Chapter 4 Differential Expression Analysis

This chapter focuses on differential expression analysis for cross-sectional studies, identifying proteins that differ significantly between groups using linear models.

4.1 Overview

Differential expression analysis answers the question: “Which protein abundance levels are significantly associated with a specific condition or phenotype?”

The lmNULISAseq() function:

  • Fits a linear model for each protein
  • Tests associations between protein levels and your primary variables of interest (e.g., Disease vs. Control)
  • Adjusts for covariates, ensuring that differences are attributed by the effect of interest
  • Corrects for multiple testing (Benjamini-Hochberg (BH) FDR, Bonferroni correction)

See complete function documentation and additional options, use ?lmNULISAseq().

4.2 Differential Expression

4.2.1 Group Comparison

The most basic analysis compares two groups:

# Compare disease vs normal (adjusting for sex and age)
lmTest <- lmNULISAseq(
  data = data$merged$Data_NPQ[, sample_list],
  sampleInfo = metadata %>% filter(SampleName %in% sample_list),
  sampleName_var = "SampleName",
  modelFormula = "disease_type + sex + age"
)

4.2.2 Understanding the Model

The formula "disease_type + sex + age" means:

  • disease_type: Variable of interest (which groups to compare)
  • sex + age: Covariates to adjust for (remove confounding effects)

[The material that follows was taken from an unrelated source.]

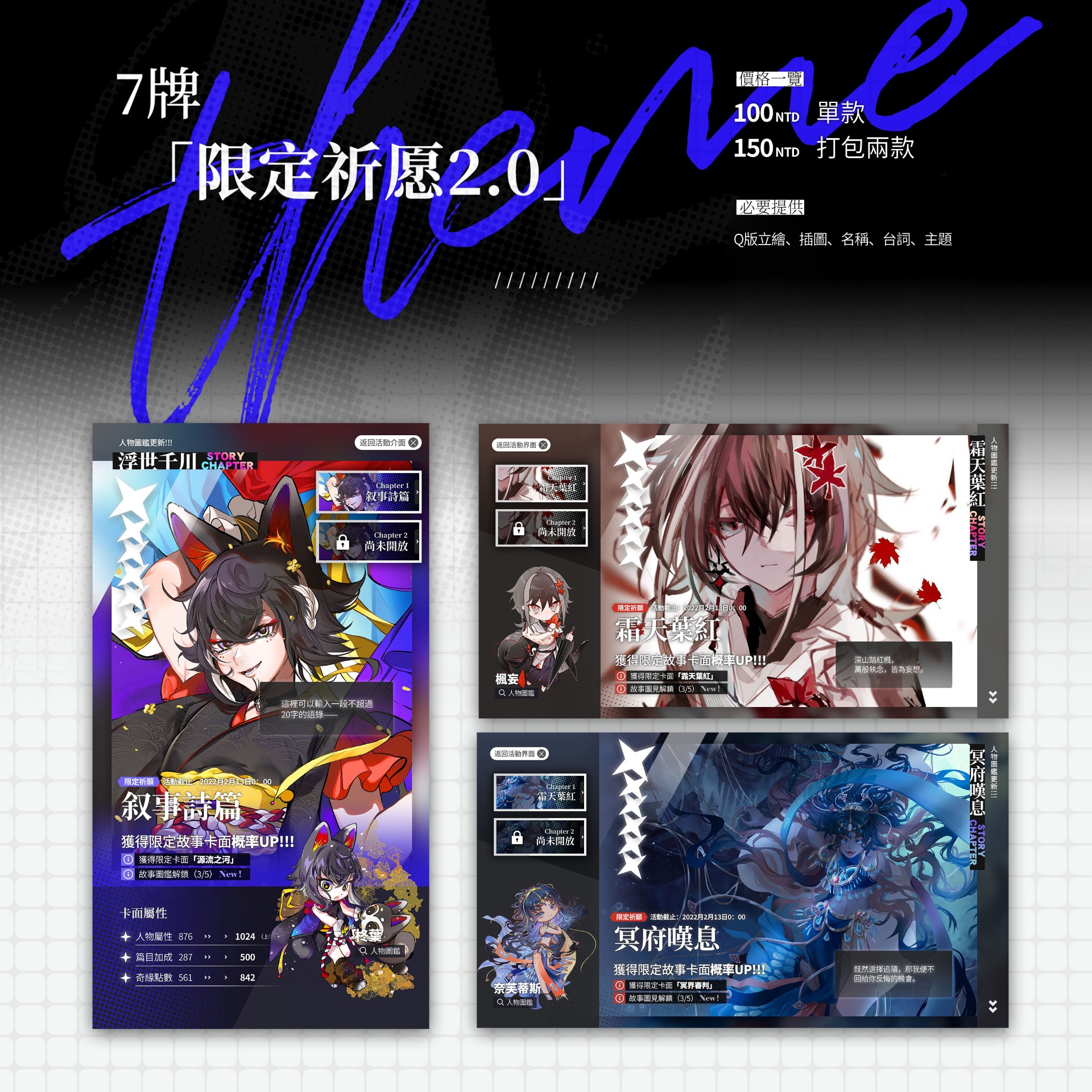 主題,時間日期,配色根據OC來調整,也可提供色卡,文字部分皆可更換

The model fits: Protein Expression ~ disease_type + sex + age

4.3 Model Results

The function returns a list with:

# View structure
names(lmTest)
#> [1] "modelStats"
#> Preview of `lmTest$modelStats` Results Table (rounded to 3 digits):

4.3.1 Key Columns in Results

For each comparison (e.g., “disease_typeinflam” vs reference “normal”):

  • disease_typeinflam_coef: Effect size (log fold-change)
  • disease_typeinflam_pval: Raw p-value
  • disease_typeinflam_pval_FDR: FDR-adjusted p-value
  • disease_typeinflam_pval_bonf: Bonferroni-adjusted p-value
  • target: Target name

4.4 Finding Significant Proteins

Focusing on the comparison between Inflammation vs Normal, adjusting for age and sex. We will identify proteins that are significantly differentially expressed with FDR-adjusted p value < 0.05.

4.4.1 Filter by FDR Threshold

# Define significance threshold
fdr_threshold <- 0.05
fc_threshold <- 0.5  # Fold-change threshold (log scale)

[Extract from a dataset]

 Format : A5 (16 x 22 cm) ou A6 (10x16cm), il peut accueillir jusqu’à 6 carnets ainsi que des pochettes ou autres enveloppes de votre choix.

# Find significant proteins for Inflammation vs Normal
sig_inflam <- lmTest$modelStats %>%
  filter(
    disease_typeinflam_pval_FDR < fdr_threshold,
    abs(disease_typeinflam_coef) > fc_threshold
  ) %>%
  arrange(disease_typeinflam_pval_FDR)
#> Significant proteins (Inflammation vs Normal): 94

4.4.2 Upregulated vs Downregulated

We can further identify significantly differentially expressed proteins that are either unregulated or down regulated in the inflammation group comparing to normal group.

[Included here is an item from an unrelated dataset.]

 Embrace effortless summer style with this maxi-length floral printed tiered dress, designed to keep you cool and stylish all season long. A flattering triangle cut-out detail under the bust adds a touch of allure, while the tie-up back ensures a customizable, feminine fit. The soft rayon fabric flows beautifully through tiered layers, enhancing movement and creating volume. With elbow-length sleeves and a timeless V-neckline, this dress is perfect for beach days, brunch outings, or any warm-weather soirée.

# Upregulated in inflammation
upregulated <- sig_inflam %>%
  filter(disease_typeinflam_coef > 0) %>%
  arrange(desc(disease_typeinflam_coef))

# Downregulated in inflammation  
downregulated <- sig_inflam %>%
  filter(disease_typeinflam_coef < 0) %>%
  arrange(disease_typeinflam_coef)

cat("Upregulated:", nrow(upregulated), "\n")
#> Upregulated: 94
cat("Downregulated:", nrow(downregulated), "\n")
#> Downregulated: 0

4.5 Volcano Plots

Volcano plots visualize differential expression results effectively. See complete function documentation and additional options, use ?volcanoPlot().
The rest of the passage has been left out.